Lorsque les historiens de demain jugeront la médecine d’aujourd’hui, ils relèveront le phénomène de « l’extension des indications » comme le plus marquant de la sociologie sanitaire des XX° et XXI° siècles. Et si l’épistémologie du soin était un jour enfin introduite dans l’enseignement des facultés de médecine, son objet principal serait certainement l’étude des ajustements entre risque de surmédicalisation et risque de négligence.
L’extension des indications a concerné et concerne encore tous les secteurs du soin. L’hypertension est traitée dix fois trop souvent après 40 ans et cent fois trop souvent après 70 ans. L’appendicectomie a été réalisée cent fois trop souvent à tort jusqu’aux années 1980. La quasi-totalité des amygdalectomies, adénoïdectomies, hystérectomies ont été abusives et inutiles. Les antidépresseurs et benzodiazépines sont mille fois trop prescrits. Les césariennes trois fois trop fréquentes, les déclenchements d’accouchement trente fois trop. Plus de la moitié des dépistages, bilans et imageries diverses conduisent à des diagnostics abusifs. Les antibiotiques sont dix fois trop prescrits. La crainte de la rarissime dyspnée laryngée provoque le traitement corticoïde de 50% des toux de nourrissons fébriles. Les anti-inflammatoires et antalgiques morphiniques sont cent fois trop prescrits. J’arrête là cette liste où j’ai volontairement minimisé les chiffres pour ne pas risquer une trop forte marginalisation.
La seule défense acceptable d’un médecin contre cette diatribe, serait celle du principe de précaution. Défense bien légère qu’un habile avocat retournerait contre lui pour dévoiler son incompétence clinique.
Récemment, suite à la proposition aberrante et heureusement vite oubliée d’apprendre aux étudiants l’examen gynécologique sur des patientes anesthésiées, certains sont allé jusqu’à évoquer l’accusation de viol.
J’ai la naïveté pour supposer et l’expérience pour savoir que les examens gynécologiques sur patiente anesthésiée sont pratiqués pour des raisons cliniques, et ont toujours lieu devant les membres de l’équipe chirurgicale qui entoure ces patientes.
Les juges, interpellés sur cette question du « viol symbolique », ont eu la sagesse de répondre qu’ils ignoraient ce qu’était un viol symbolique, mais par contre qu’ils avaient la définition pénale du viol : « tout acte de pénétration sexuelle, de quelque nature qu’il soit, commis sur la personne d’autrui par violence, contrainte, menace ou surprise ».
Si le majeur et l’index sont une « quelque nature » et si l’anesthésie est une « surprise », je n’ose pas penser ce qui se passerait si les juges se mettaient à pratiquer l’extension des indications judiciaires avec la même frénésie que les médecins pratiquent l’extension des indications médicales !
Mots-clefs : anesthésie, formation, gynécologie, médecins, viol
S’il y a consentement préalable de la patiente, aucun problème.
Lisons, relisons, encourageons à lire « Knock » de Jules Romain.
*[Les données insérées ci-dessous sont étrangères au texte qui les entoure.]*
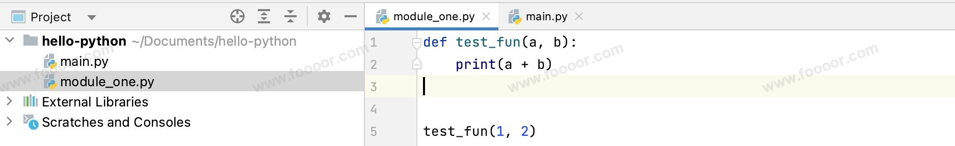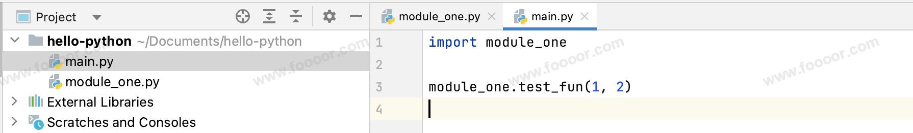 然后,我们在main.py中引入module_one模块,然后调用其中的test_fun()函数:

Mieux, inscrivons le au programme des études médicales… mais je crains qu’il ne soit déjà trop tard et que le Dr Knock ne soit devenu l’exemple à suivre et Parpallet un vieux c…
Cette définition du viol devrait être complétée par la caractérisation du but du violeur: sadisme, volonté d’humilier, de rabaisser, de traiter la femme (ou l’homme) comme un objet et/ou d’obtenir une jouissance physique (orgasme) ou psychique (sadisme).
On verrait ainsi que le TV ne peut en aucun cas être considéré comme un viol.